Activity: In the records below, begin at the line containing "Blue Peacock Artwork" and end at the line containing "Säljer en cool"; quote every line in that span exactly, including both boundary lines, and no others.

--

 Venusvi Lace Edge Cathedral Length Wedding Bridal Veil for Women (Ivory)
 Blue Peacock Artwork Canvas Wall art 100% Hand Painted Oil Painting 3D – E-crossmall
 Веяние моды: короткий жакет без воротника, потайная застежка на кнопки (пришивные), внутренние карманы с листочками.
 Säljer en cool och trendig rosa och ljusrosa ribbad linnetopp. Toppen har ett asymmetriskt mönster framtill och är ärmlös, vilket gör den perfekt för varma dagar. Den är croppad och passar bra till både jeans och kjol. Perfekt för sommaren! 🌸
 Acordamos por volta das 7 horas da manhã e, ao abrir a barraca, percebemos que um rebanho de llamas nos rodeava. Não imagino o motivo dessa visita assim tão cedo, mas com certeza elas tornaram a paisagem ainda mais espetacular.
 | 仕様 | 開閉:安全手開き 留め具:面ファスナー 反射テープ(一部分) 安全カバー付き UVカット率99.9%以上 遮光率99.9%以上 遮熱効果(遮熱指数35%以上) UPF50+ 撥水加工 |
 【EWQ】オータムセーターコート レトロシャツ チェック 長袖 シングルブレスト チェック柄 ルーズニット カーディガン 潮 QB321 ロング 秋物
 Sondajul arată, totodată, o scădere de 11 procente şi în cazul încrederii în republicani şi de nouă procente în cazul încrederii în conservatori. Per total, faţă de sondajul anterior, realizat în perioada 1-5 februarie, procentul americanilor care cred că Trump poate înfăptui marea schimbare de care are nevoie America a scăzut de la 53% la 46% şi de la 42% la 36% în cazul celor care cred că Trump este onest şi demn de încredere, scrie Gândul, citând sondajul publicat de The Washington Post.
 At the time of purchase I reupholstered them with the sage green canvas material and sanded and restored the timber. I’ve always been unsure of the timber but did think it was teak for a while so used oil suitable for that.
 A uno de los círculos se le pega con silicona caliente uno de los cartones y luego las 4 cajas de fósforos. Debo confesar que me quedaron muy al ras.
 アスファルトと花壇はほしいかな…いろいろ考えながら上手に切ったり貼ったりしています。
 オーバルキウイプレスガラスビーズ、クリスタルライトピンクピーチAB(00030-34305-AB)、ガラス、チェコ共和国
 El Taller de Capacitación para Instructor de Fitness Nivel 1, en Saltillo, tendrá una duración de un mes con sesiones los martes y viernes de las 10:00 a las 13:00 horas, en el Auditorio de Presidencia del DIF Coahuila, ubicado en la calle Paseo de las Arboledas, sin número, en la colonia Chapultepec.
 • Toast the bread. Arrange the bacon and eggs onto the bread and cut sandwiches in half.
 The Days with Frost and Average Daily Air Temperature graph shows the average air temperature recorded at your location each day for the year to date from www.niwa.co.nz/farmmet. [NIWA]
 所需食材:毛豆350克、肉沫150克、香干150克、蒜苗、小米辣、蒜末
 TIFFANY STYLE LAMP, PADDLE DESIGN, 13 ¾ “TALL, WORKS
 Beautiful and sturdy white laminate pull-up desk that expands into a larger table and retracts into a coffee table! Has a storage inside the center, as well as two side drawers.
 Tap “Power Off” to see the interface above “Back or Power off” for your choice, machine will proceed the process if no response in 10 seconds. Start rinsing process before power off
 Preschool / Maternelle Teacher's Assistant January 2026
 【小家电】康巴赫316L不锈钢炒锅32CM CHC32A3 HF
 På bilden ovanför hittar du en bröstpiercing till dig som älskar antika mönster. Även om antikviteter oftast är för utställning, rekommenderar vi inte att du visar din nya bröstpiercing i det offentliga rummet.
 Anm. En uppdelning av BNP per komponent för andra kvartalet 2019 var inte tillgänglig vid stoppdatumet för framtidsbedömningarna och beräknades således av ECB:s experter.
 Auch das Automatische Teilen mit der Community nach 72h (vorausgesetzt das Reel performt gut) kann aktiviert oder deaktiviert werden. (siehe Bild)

--

Response:
 Blue Peacock Artwork Canvas Wall art 100% Hand Painted Oil Painting 3D – E-crossmall
 Веяние моды: короткий жакет без воротника, потайная застежка на кнопки (пришивные), внутренние карманы с листочками.
 Säljer en cool och trendig rosa och ljusrosa ribbad linnetopp. Toppen har ett asymmetriskt mönster framtill och är ärmlös, vilket gör den perfekt för varma dagar. Den är croppad och passar bra till både jeans och kjol. Perfekt för sommaren! 🌸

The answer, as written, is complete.